# Incorrect evaluation for Thue-Morse signed harmonic series

I would like to evaluate

$$s = 1 - \frac{1}{2} - \frac{1}{3} + \frac{1}{4} - \frac{1}{5} + \frac{1}{6}+\frac{1}{7}-\frac{1}{8} - ... + \frac{(-1)^{\textrm{binary digit sum}(n-1)}}{n} + ...$$

where the signs follow the Thue-Morse sequence. When I try to evaluate

Sum[ (-1)^Total[ IntegerDigits[ n - 1, 2]]/n, {n, 1, ∞}]

using Mathematica 7 I get

Log


This is incorrect. $$\log( 2) = \sum_{n=1}^\infty \frac{(-1)^{n-1}}{n} \approx 0.693147$$ but $$s \approx 0.39876108810841881241$$ I checked this using C# and finite sums within Mathematica. This value is not in the inverse symbolic calculator, but since that is incomplete I still have some hope for an analytic summation.

The difference between these series can be expressed as a sum of positive terms $$\frac{2}{3\times 4} + \frac{2}{5\times 6} + \frac{2}{9\times 10} + \frac{2}{15\times 16}+\ldots+\frac{2}{n \times (n+1)}+ \ldots$$ where the sum is over all odd $n$ with even binary digit sum, so it is definitely the case that $s \lt \log( 2).$

I also tried

Sum[ (-1)^Total[ IntegerDigits[ n - 1, 2]]/n, { n, 1, ∞, 2}]

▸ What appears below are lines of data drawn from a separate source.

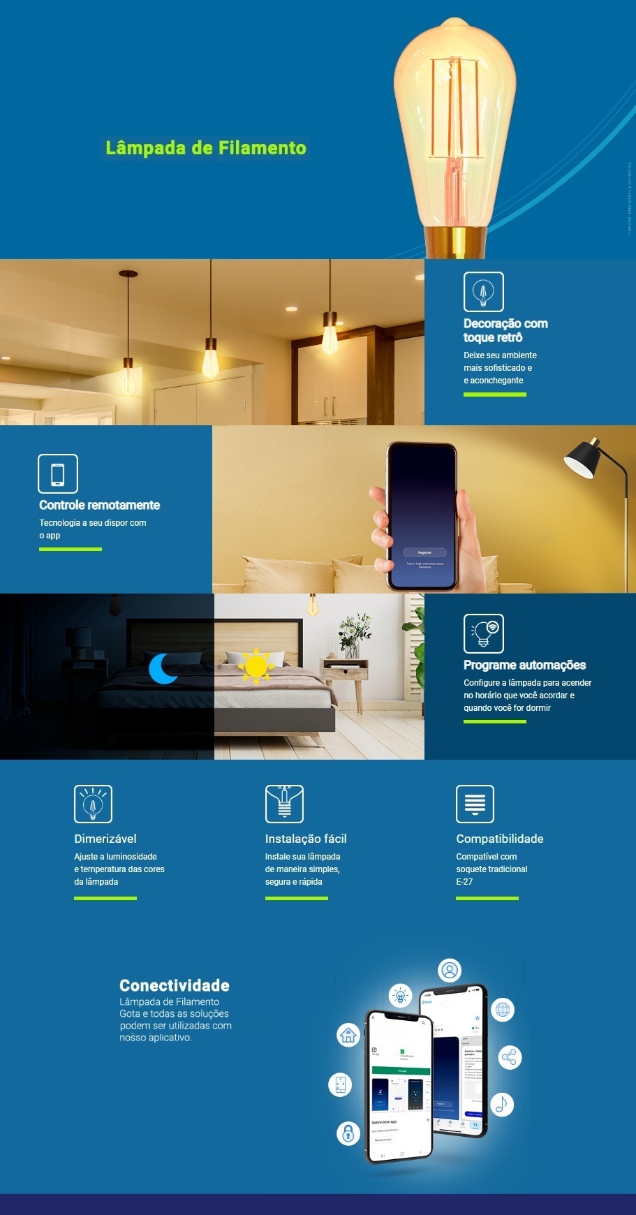 LAMPADA DE FILAMENTO GOTA 5.5W RETRO E27 C/ ASSISTANTE VIRTUAL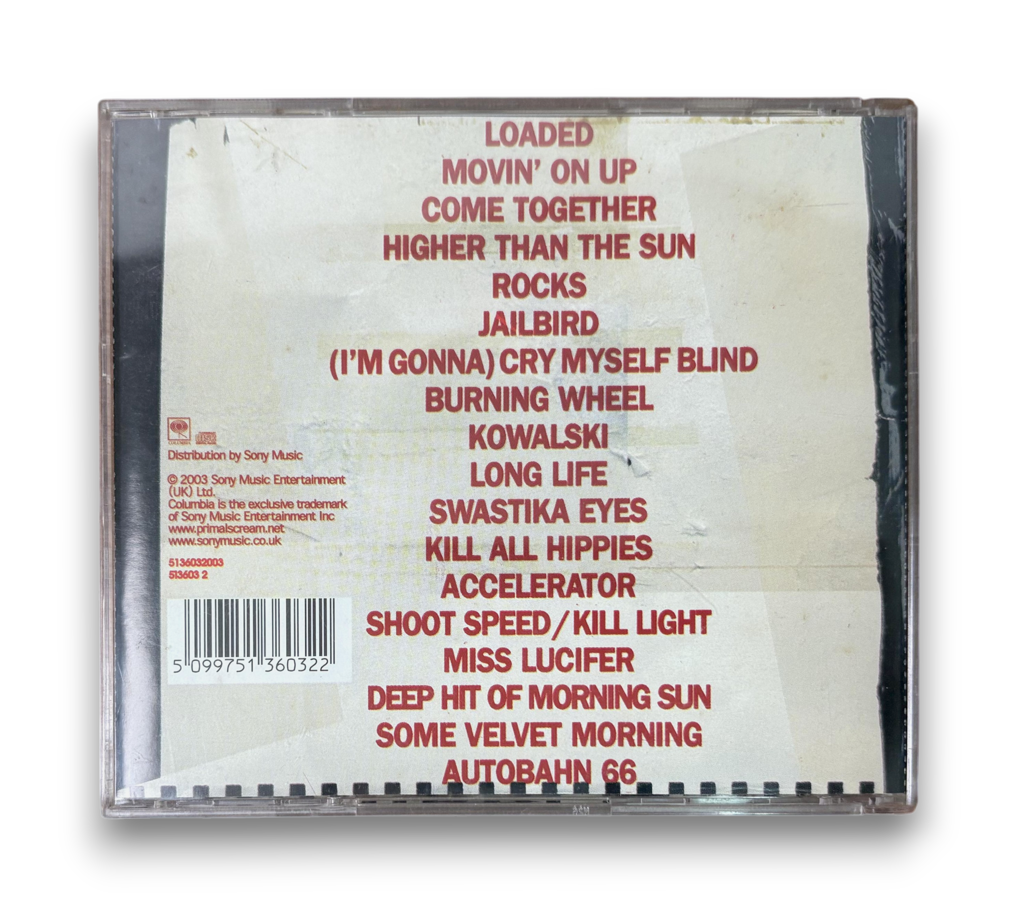 Discover the electrifying sounds of Primal Scream with "Dirty Hits," a compilation CD released in 2003. This collection features 18 standout tracks, including fan favorites like "Loaded," "Movin' On Up," and "Rocks," showcasing the band's unique blend of electronic and rock influences. Housed in a standard clear tray jewel case, it includes a 12-page booklet and notable samples, such as Linda Manz's voice from the film "Out Of The Blue." A must-have for fans of leftfield and indie rock!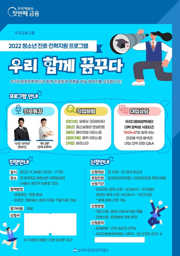 우리금융그룹 우리다문화장학재단(이사장 손태승)은 2022년 청소년 진로․진학지원 프로그램 「우리 함께 꿈꾸다」 참여자를 모집한다고 1일 밝혔다.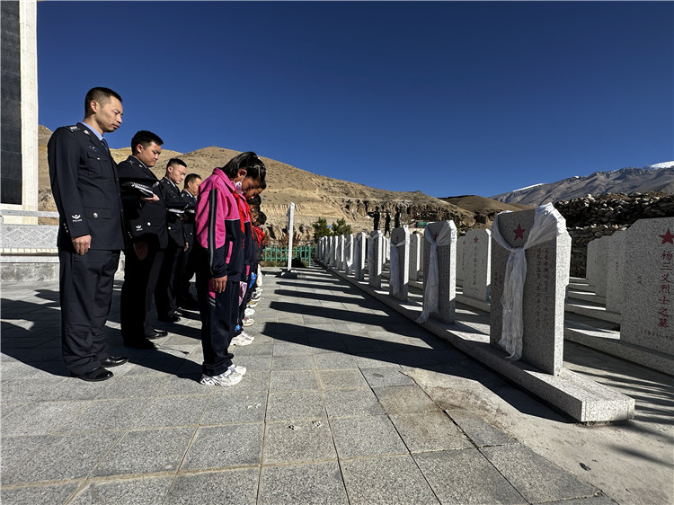 圖為參加活動的民警與學(xué)生在普蘭縣烈士陵園向英雄先烈鞠躬默哀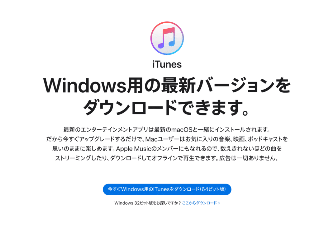 下記URLからダウンロード・インストールができます。Microsoft Store版のiTunesがすでにインストールされている場合は事前にアンインストールしてください。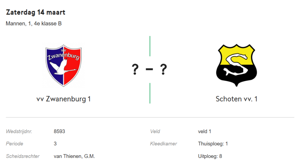 Wedstrijdverslag vv Zwanenburg – vv Schoten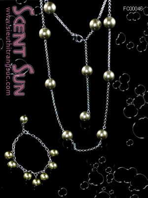 Bộ trang sức bao gồm vòng cổ dài và vòng tay được làm từ hạt cườm trai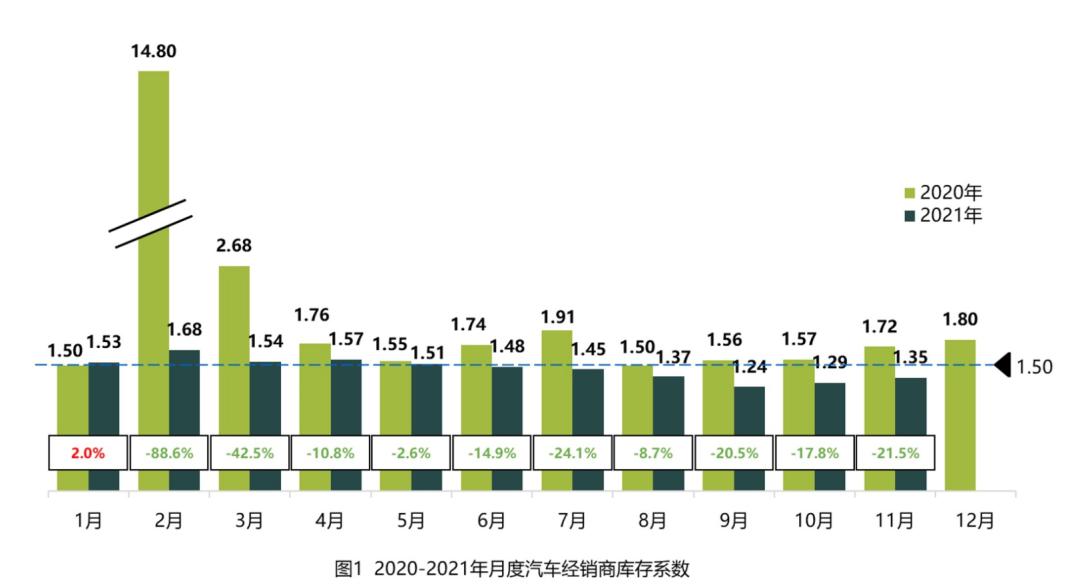 据中国汽车流通协会数据显示,今年11月,汽车经销商综合库存系数为1.35,同比下降21.5%,环比上升4.7%,库存水平回升,但库存系数仍在警戒线下方。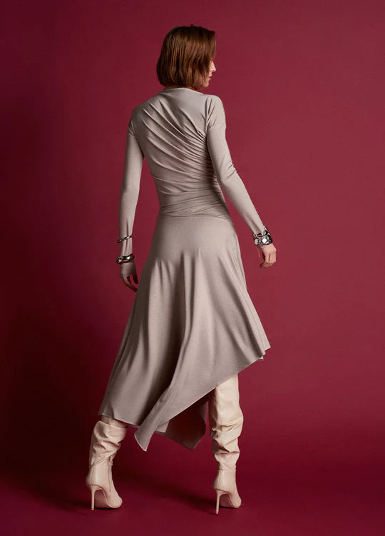 Detaylar: Uzun kol, ön sırt ve yan drapaj büzgü detayı, asimetrik etek kesimi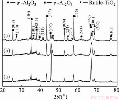 Fig. 8 XRD patterns of Al2O3-13%TiO2 coating (a) and heat treated coatings at temperatures of 900 °C (b) and 1000 °C (c)
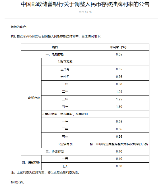 5月20日金融一线消息,邮储银行对多个期限的人民币存款利率进行了下调,其中活期存款利率下调至0.05%;定期三个月期、半年期、一年期、三年期和五年期均有下调,分别为0.65%、0.86%、0.98%、1.25%和1.30%。

which equals $\frac{3}{2}s \approx 0.59814163216262821861$, but which instead evaluates to

Sum::div: Sum does not converge

Sum[ (-1)^(1 + n)/n, { n, 1, ∞, 2}]


So, is this a known bug?
What sorts of related sums are affected?
Is there a way to get the right answer from Mathematica?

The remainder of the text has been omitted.